While most organisations have measures in place to secure data on the network, the main area of vulnerability is mobile data.  When a clinician carries patient data on their laptop from their consulting rooms to the hospital, what happens if the laptop is stolen?  Or when a USB stick is used to send information from one facility to another, what is the outcome if the USB is dropped and lost?

No matter whether confidential information is breached due to theft, malware, spyware, or just a simple accidental loss, there are serious consequences. Since 2014, failure to comply with Australia’s new privacy laws can leave an organisation liable for a fine of up to $1.7 million.

Doing away with mobility is not the answer.  The efficiencies and improvements to health outcomes arising from a more mobile health force are too great to ignore. Therefore, it’s clear healthcare facilities have to find a way to keep mobile data safe.

A Two-pronged Response

The solution is to adopt a two-pronged approach to mobile data security by only using drives that offer encryption supported by data management.

Encryption involves coding data on the drive so it remains unreadable to anyone who doesn’t have the right “key”.  If the USB or hard drive is lost or stolen, the contents remain obscured and inaccessible.
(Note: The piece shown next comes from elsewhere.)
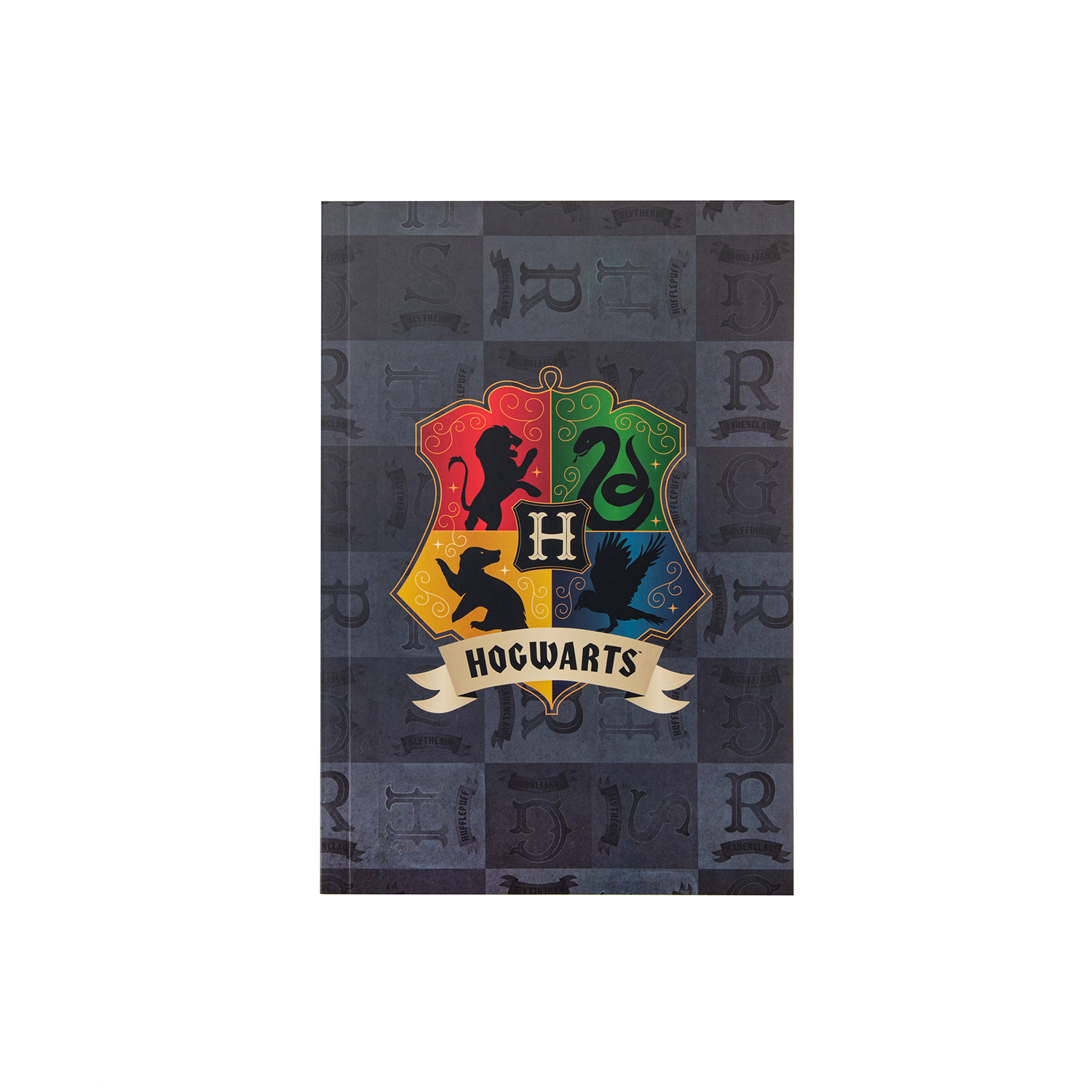 - Дизайн в темных цветах с ярким красочным изображением герба Хогвартс.

One of the most appealing aspects of encryption is there are no technology barriers to its adoption, and compared to the cost of a data breach, the investment required is relatively insignificant.

The second part of the approach is a management capability that brings control to the data on the device.  For example, at some stage an employee will forget their password, rendering them unable to access the corporate network. With the right management capabilities, IT can not only reset the password but when the user logs on, they can cross-reference the IP address of their machine against a map in order to ascertain if the person is indeed who they say they are. If IT has any suspicions, they can remotely wipe the hardware device that the employee is working from and kill all encrypted data.  Management functions also enable IT to force a device to be in read-only mode, remotely make password changes and re-commission devices that are no longer in use.

Together, encryption and management ensure confidential and private information on USB and external drives to remain protected, even if the drive is lost or stolen and lands in someone else’s hands.

The 2014 changes to Australia’s privacy regulations have put the data management practices of Australia’s government agencies and private sector organisations under the spotlight. For the healthcare industry, securing confidential patient data has never been more important with the increasing amount of records being transferred to electronic records. Achieving the necessary degree of security requires more than good intentions. It demands a comprehensive mobile security solution built around strong encryption, robust identity management, and policy-based data management.